We see other relatives around Christmas.  Then they get the boys' undivided attention, everyone is calmer, and - voila - no freaking out.

Christmas morning at home... 
french toast Christmas trees with sausage trunks.
Sorry it's blurry; I couldn't fix it.

The boys discover that the book I ordered for them - the Lego Star Wars Visual Dictionary - is on backorder.
They can handle it.

Here they are, about to open a bulletin board, for their bedroom.

Yes, they still get excited and giddy (me too!) but it's manageable.

AND, at home and with our extended family, we open gifts one at a time, paying attention to each person, who the gift is from, etc.  It's not a free-for-all, or a grab-fest.  We are thankful :0)


Colleen said...

I've always had a good excuse to stay home at Christmas since Hans usually milks that morning and/or evening. I love not going anywhere, doing everything at my own pace (the boys don't rip into presents first thing in the morning, for example), eating what I want to eat and just generally having peace. (Well, as much as one has peace with five boys!)

On the other hand, as I've told you once too often, I envy the close ties you have with your family. That is a good and precious thing. I missed it as a child, growing up, and I miss it now for my boys. So it's good to see all of you at home ~ and good to see you celebrating with your parents and sibs, too. : )

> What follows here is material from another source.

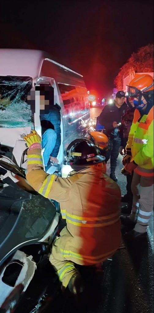 Al interior de la combi se encontraba atorado el conductor, por lo que rápidamente se procedió a desconectar la batería de la combi para prevenir un incendio, posterior a ello mediante el uso de la herramienta hidráulica conocida como “quijadas de la vida” los bomberos procedieron a cortar la puerta de la combi y expandir la cabina logrando desatorar al masculino.
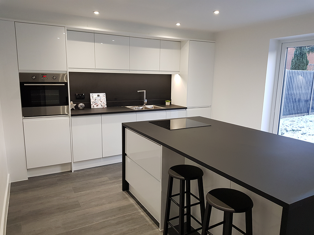 The below is an example of a modest kitchen design that required some design flare and engineering to achieve the customer's vision - a sleek and modern design for his converted kitchen/dining space including an island, without breaking the bank. This was achieved using crisp white J-handle gloss doors, and a contrasting Fenix Nero Ingo worktop. The island was designed as both a cooking space and a dining table. Waterfall Fenix end panels gave a sense of quality usually associated with solid worktops but at a fraction of the cost. Our customer was thrilled with the end result and gave us a 5-star google review.

Herding Grasshoppers said...

Oh Colleen, think what it'll be like when your boys are grown and they all have families. You can build whatever traditions you want. I was going to say that you can keep it as simple and uncomplicated as you want, but I suppose that's not quite true... but sort of. Anyway, you can set the pace :0)

Anonymous said...

I just found your blog and am looking forward to reading your posts. I am a mother of three boys (and one girl) and have a daughter and sister with three boys. We have fourteen grandchildren, eight boys and six girls, and one great, guess what, a boy! Life is wonderful and always interesting. We say it's like herding ants!

It's good to celebrate at home and now that our children are grown, we encourage them to stay there with their children. My husband and I really enjoy this slower pace.
Wilma in WV

Deborah said...

Isn't it wonderful? So much more relaxing and makes one more able to enjoy the Reason for the season.